*** AVAILABLE RECORDS ***

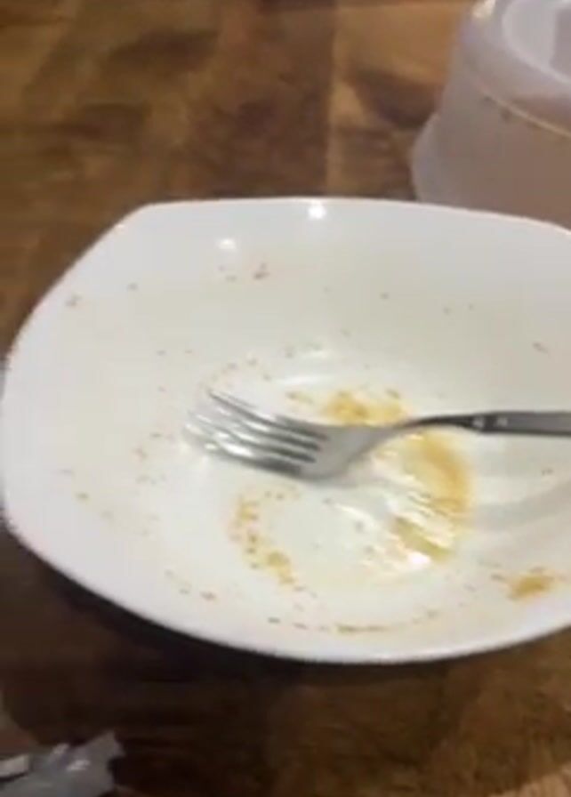 A hand opens an empty plastic Coca-Cola bottle with a red cap on a wooden table. There is a dirty white plate with a fork and food scraps to the right of the bottle. In the background are other items, including a white box and a clear, white lidded food container.
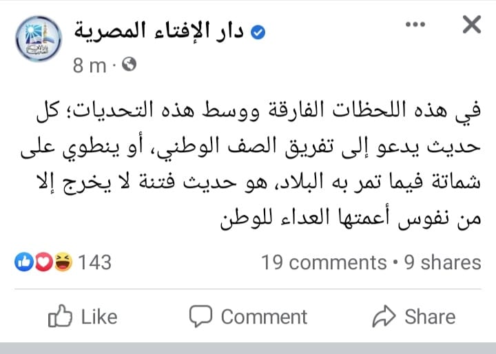 وقالت دار الإفتاء في منشورها، إنه في هذه اللحظات الفارقة ووسط هذه التحديات؛ كل حديث يدعو إلى تفريق الصف الوطني، أو ينطوي على شماتة فيما تمر به البلاد، هو حديث فتنة لا يخرج إلا من نفوس أعماها العداء للوطن.
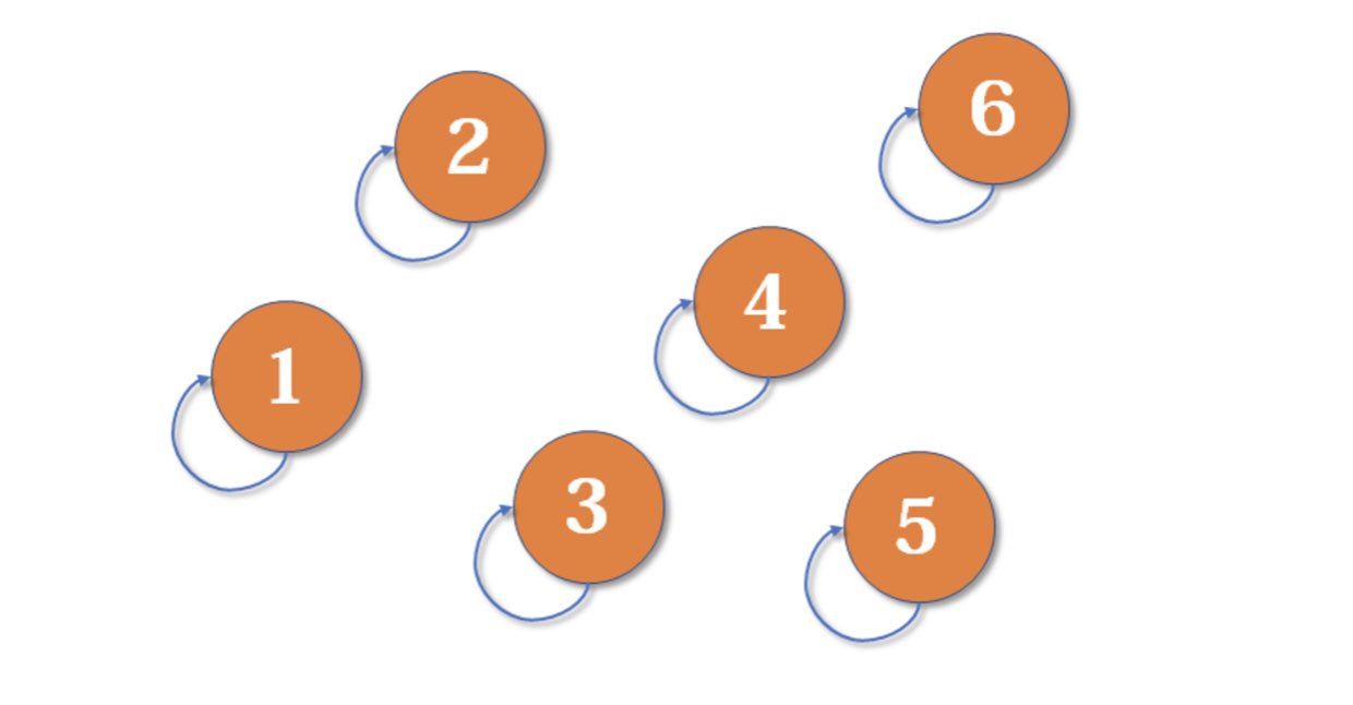 我们用数组来表示并查集,用数组的值表示当前结点的父亲。如下图所示:
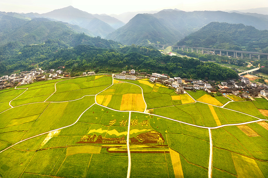 9月2日,溆浦县北斗溪镇坪溪村,稻田创意图案“乡村振兴”与青山、民居辉映成景。近年,该镇加快推进特色文旅小镇建设,助推乡村振兴。 湖南日报首席记者 郭立亮 摄
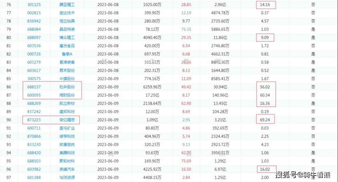 6月9日(周五)松井股份解禁比例达到56.02%;湘财股份解禁比例达到60.34%;荣亿精密解禁比例达到69.24%。
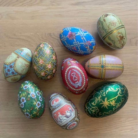 7 metalæg fra Svend Michelsen fra ældre årgange. Alle modeller er udført efter de originale Fabergé-æg.
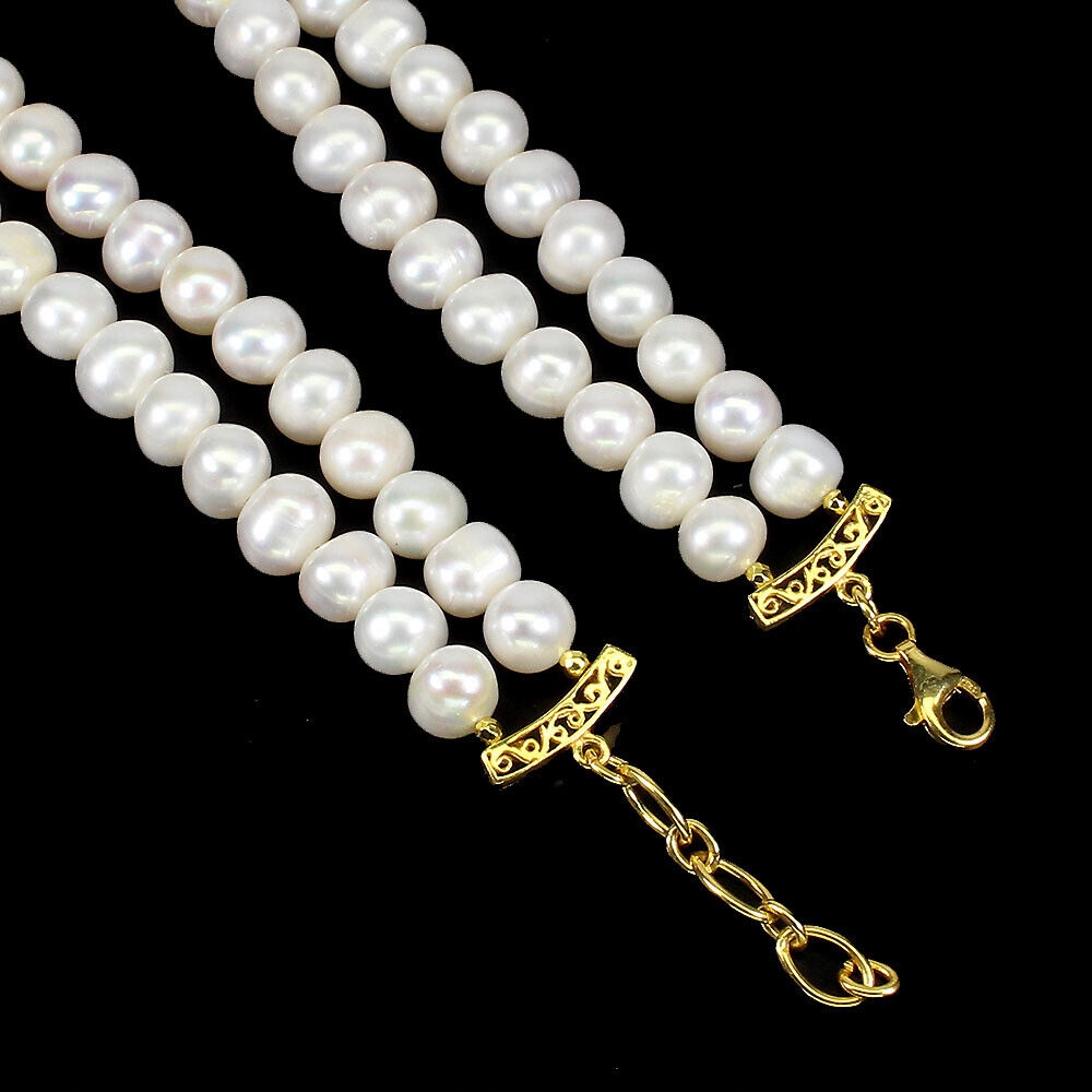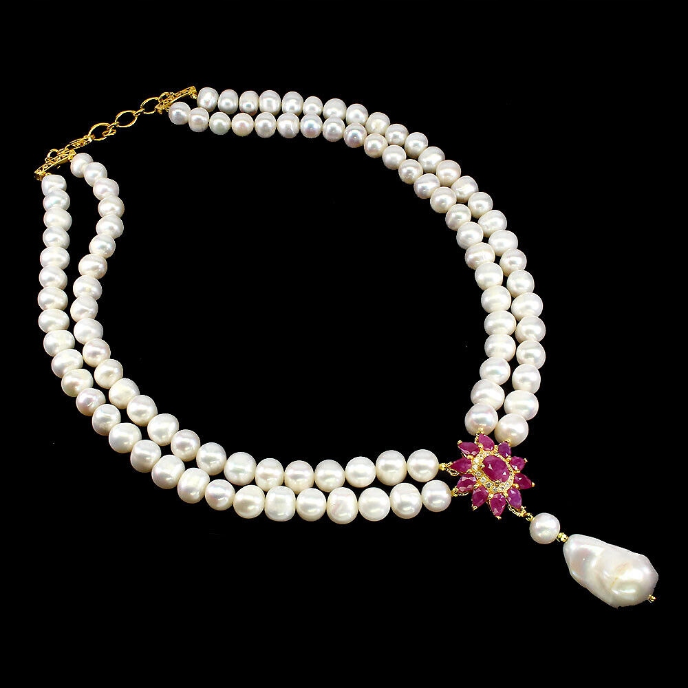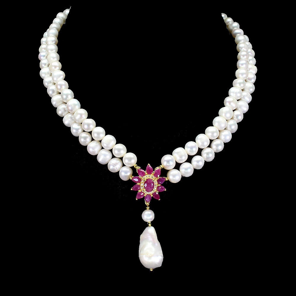 Wir bieten Ihnen eine neue, vergoldete 14 Karat Gelbgold, Silber - 925 Feinheit Halskette mit Naturperlen, weißem Topas und Rubinen.
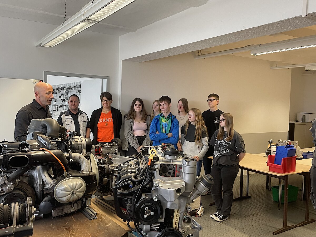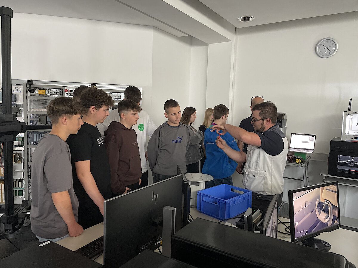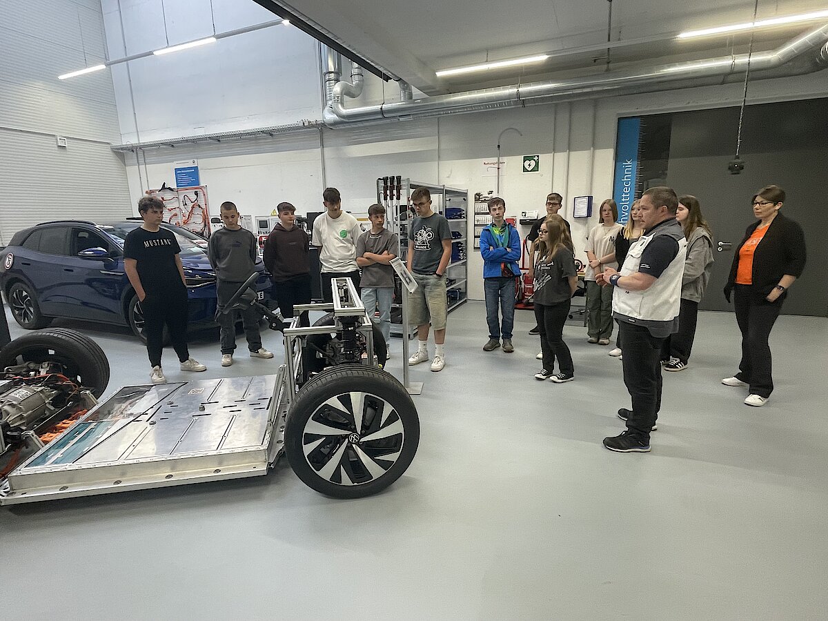 Nach langem Warten erreichte uns dann die frohe Botschaft: Wir haben gewonnen! 26 Schüler der 8. Klassen durften mitfahren. Mit einem gecharterten Sonderbus von VW wurden die Jungs und Mädels am Mittwoch, dem 29.05.2024 kurz vor 9 Uhr in Waldenburg abgeholt und zur 1. Station des Tages nach Zwickau gefahren. Im VW-Bildungsinstitut wurden den Schülern die Berufsfelder Kfz-Technik und Mechatronik/Elektro zunächst vorgestellt. Dabei besuchten sie die verschiedenen Ausbildungswerkstätten, wo die Azubis zuerst die Grundlagen ihres Berufes lernen und im Laufe ihrer Ausbildung durch Seminare auch in den Bereichen ihres Handwerks geschult werden. Hier hatten unsere Schüler auch die Möglichkeit, mit Azubis direkt ins Gespräch zu kommen und ihnen Fragen zu stellen. Hierbei erfuhren wir z.B., wie Hilfswerkzeuge selbst geplant und am 3D-Drucker hergestellt werden.
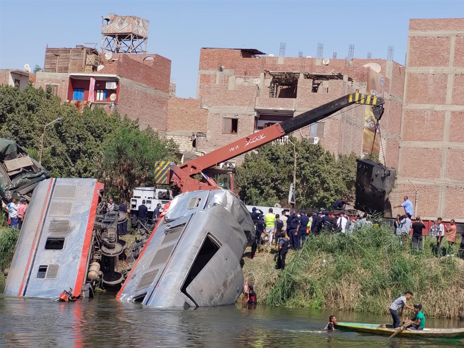 تواصل فرق الإنقاذ وفرق السكك الحديدية أعمال إزالة حطام الجرار المسؤول عن حادث قطار المنيا، وعقب الانتهاء سيتم العمل على رفع عربة القطار المتواجدة في ترعة الإبراهيمية.

*** End of AVAILABLE RECORDS ***

◆ TASK OBJECTIVE: From the line containing "7 metalæg fra" through the line containing "Wir bieten Ihnen", copy every line above exactly, without pictures.

◆ RESULT FOR THIS EXERCISE:
 7 metalæg fra Svend Michelsen fra ældre årgange. Alle modeller er udført efter de originale Fabergé-æg.
 Wir bieten Ihnen eine neue, vergoldete 14 Karat Gelbgold, Silber - 925 Feinheit Halskette mit Naturperlen, weißem Topas und Rubinen.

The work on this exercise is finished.